사용자는 자신만의 비디오 파일을 업로드하고 Grounding DINO 및 SAM 2 프레임워크를 사용하여 맞춤형 텍스트 프롬프트로 지상화 및 추적을 지정할 수 있습니다.
이를 위해 스크립트를 실행하세요:

python grounded_sam2_tracking_demo_with_continuous_id.py

다양한 매개변수를 사용자 정의할 수 있습니다:
- text: 지상화 텍스트 프롬프트.
- video_dir: 비디오 파일이 포함된 디렉토리.
- output_dir: 처리된 출력 파일을 저장할 디렉토리.
- output_video_path: 출력 비디오 경로.
- step: 처리할 프레임 간격.
- box_threshold: Grounding DINO 모델의 박스 임계값.
- text_threshold: Grounding DINO 모델의 텍스트 임계값.
참고: 이 방법은 텍스트 프롬프트의 마스크 유형만 지원합니다.
Grounding DINO 1.5 모델을 사용해보고 싶다면, API 토큰을 설정한 후 다음 스크립트를 실행할 수 있습니다:

python grounded_sam2_tracking_demo_with_continuous_id_gd1.5.py

Grounded-SAM-2 비디오 객체 추적(연속 ID 부여 및 역추적 포함) (Grounding DINO 사용)

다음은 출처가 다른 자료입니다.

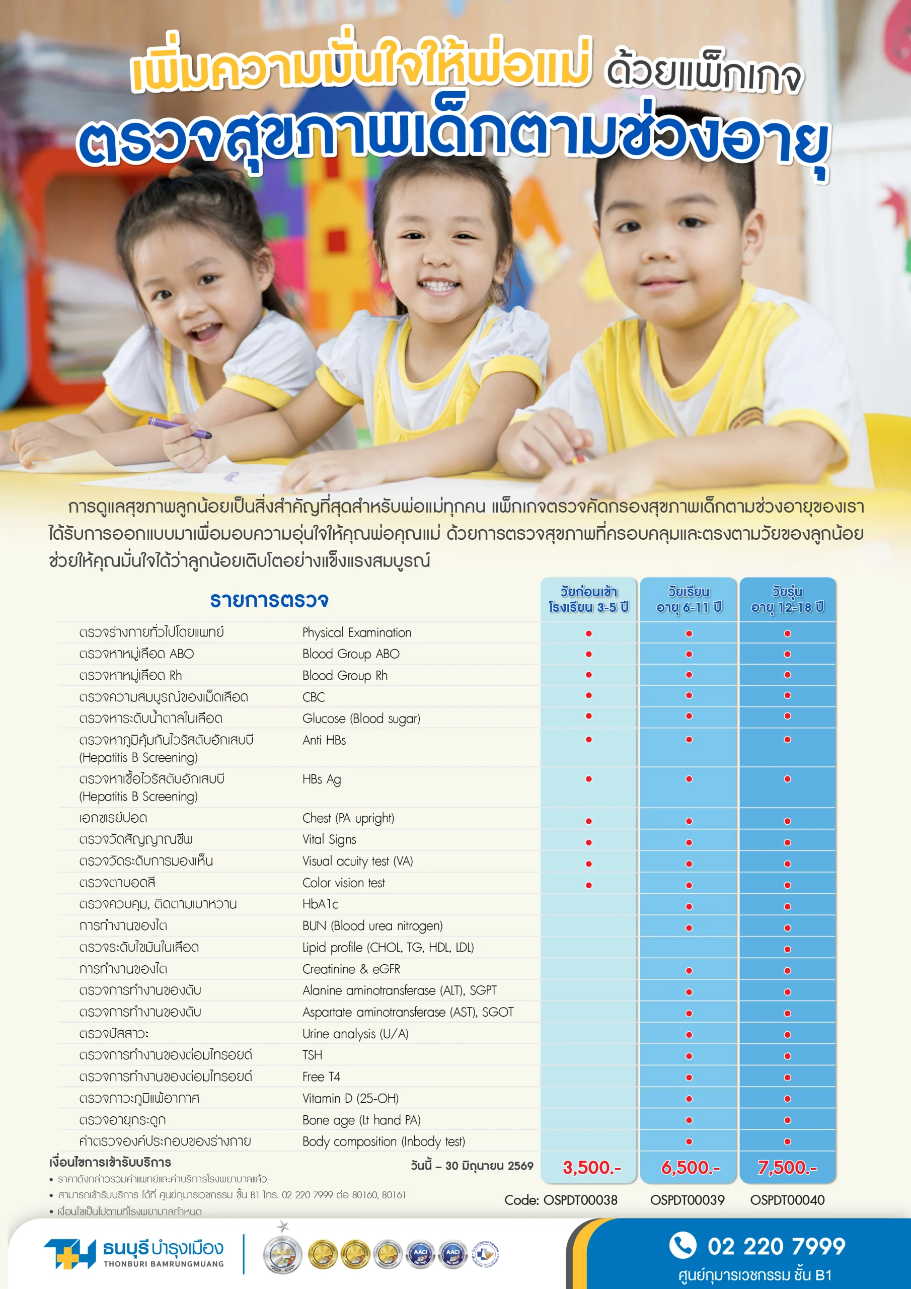 แพ็กเกจตรวจคัดกรองสุขภาพเด็กตามช่วงอายุ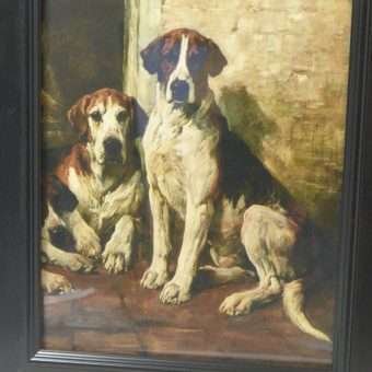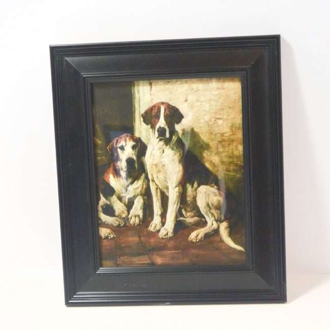 This interesting print is a cropped version of the original painting by John Emms entitled “Hours of Idleness, Hounds in a Stable.”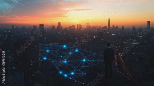 abstract, business, team, stand, peak, success, businessman, tall, innovative, modern, building, canvasses, potential, predict, future, company, growth, smart, digital, city, connection, network, reciprocity, city landscape, concept, wireless, social, media, connect, people, double, exposure, wave, background, artificial intelligence, thing, networking

이 방법은 객체의 전체 수명을 단순하게 추적할 수 있습니다.
여기서 역추적 기능은, 객체가 비디오 내에서 등장한 시점만 추적하는 것이 아니라,
- 객체가 처음 등장하기 이전 프레임까지도 추적할 수 있는 기능을 의미해.
즉, 연속 ID 부여 기능으로 새로운 객체를 찾아내는 것뿐만 아니라, 그 객체가 처음 나타나기 전의 프레임에서도 해당 객체가 있었는지 확인하여, 그 이전 프레임에서도 객체를 추적할 수 있어. - 이렇게 하면 비디오 내에서 객체가 처음 등장한 시점뿐만 아니라 객체의 전체 수명을 추적할 수 있는 기능을 제공하는 거야.

이 방식은, 비디오를 앞에서부터 끝까지 순차적으로 추적하는 방식이 아니라, 필요시 객체의 등장 시점 이전까지 거슬러 올라가면서 객체를 추적해 더 정확한 추적을 가능하게 해.
따라서 객체가 비디오 어디서 처음 등장했는지와 관계없이, 그 객체의 전체 수명을 비디오 전반에 걸쳐 모두 추적할 수 있게 돕는 거지.

python grounded_sam2_tracking_demo_with_continuous_id_plus.py

위 방법을 사용하면 비디오 전체에서 새로운 객체를 식별하고 추적하며, 역추적 기능까지 포함하여 더욱 정확한 객체 추적이 가능합니다.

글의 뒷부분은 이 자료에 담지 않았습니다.